> **ASSIGNED TASK**:
When you return the material, keep every line exactly as it is and omit the pictures.

> **DATASET CONTENT**:
▬▬▬

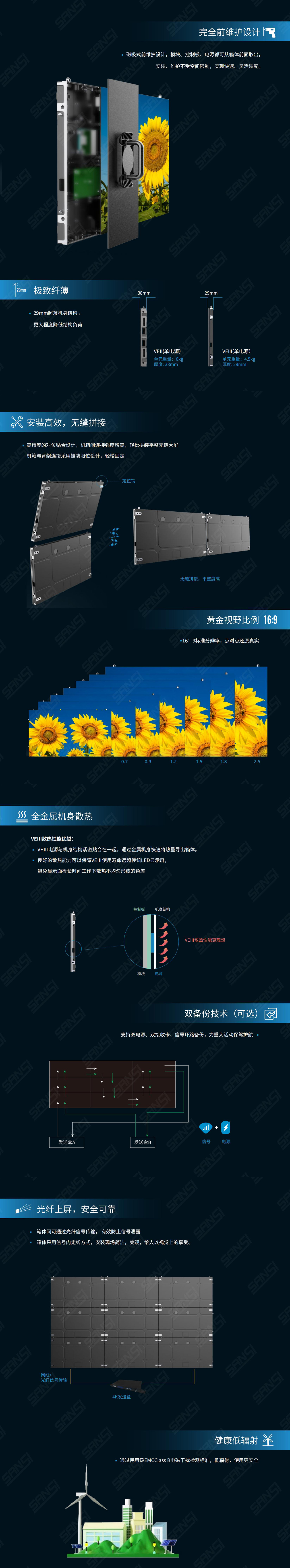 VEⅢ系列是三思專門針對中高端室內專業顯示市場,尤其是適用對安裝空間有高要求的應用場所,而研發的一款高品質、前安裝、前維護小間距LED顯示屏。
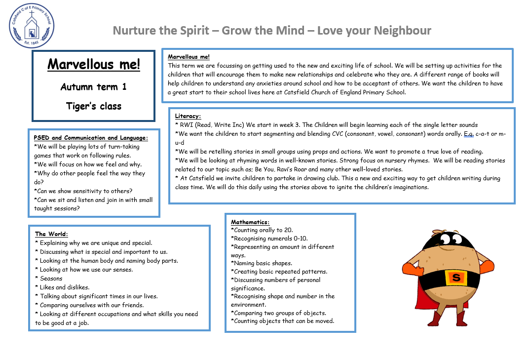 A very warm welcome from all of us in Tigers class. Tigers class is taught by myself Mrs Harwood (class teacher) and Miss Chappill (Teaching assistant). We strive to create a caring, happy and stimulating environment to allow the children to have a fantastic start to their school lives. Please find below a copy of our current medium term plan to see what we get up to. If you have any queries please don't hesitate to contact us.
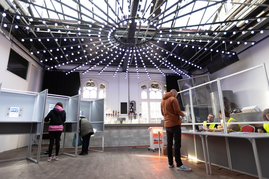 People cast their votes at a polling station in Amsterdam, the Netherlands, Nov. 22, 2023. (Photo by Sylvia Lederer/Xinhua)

▬▬▬

> **WRITTEN SOLUTION**:
 VEⅢ系列是三思專門針對中高端室內專業顯示市場,尤其是適用對安裝空間有高要求的應用場所,而研發的一款高品質、前安裝、前維護小間距LED顯示屏。
 A very warm welcome from all of us in Tigers class. Tigers class is taught by myself Mrs Harwood (class teacher) and Miss Chappill (Teaching assistant). We strive to create a caring, happy and stimulating environment to allow the children to have a fantastic start to their school lives. Please find below a copy of our current medium term plan to see what we get up to. If you have any queries please don't hesitate to contact us.
 People cast their votes at a polling station in Amsterdam, the Netherlands, Nov. 22, 2023. (Photo by Sylvia Lederer/Xinhua)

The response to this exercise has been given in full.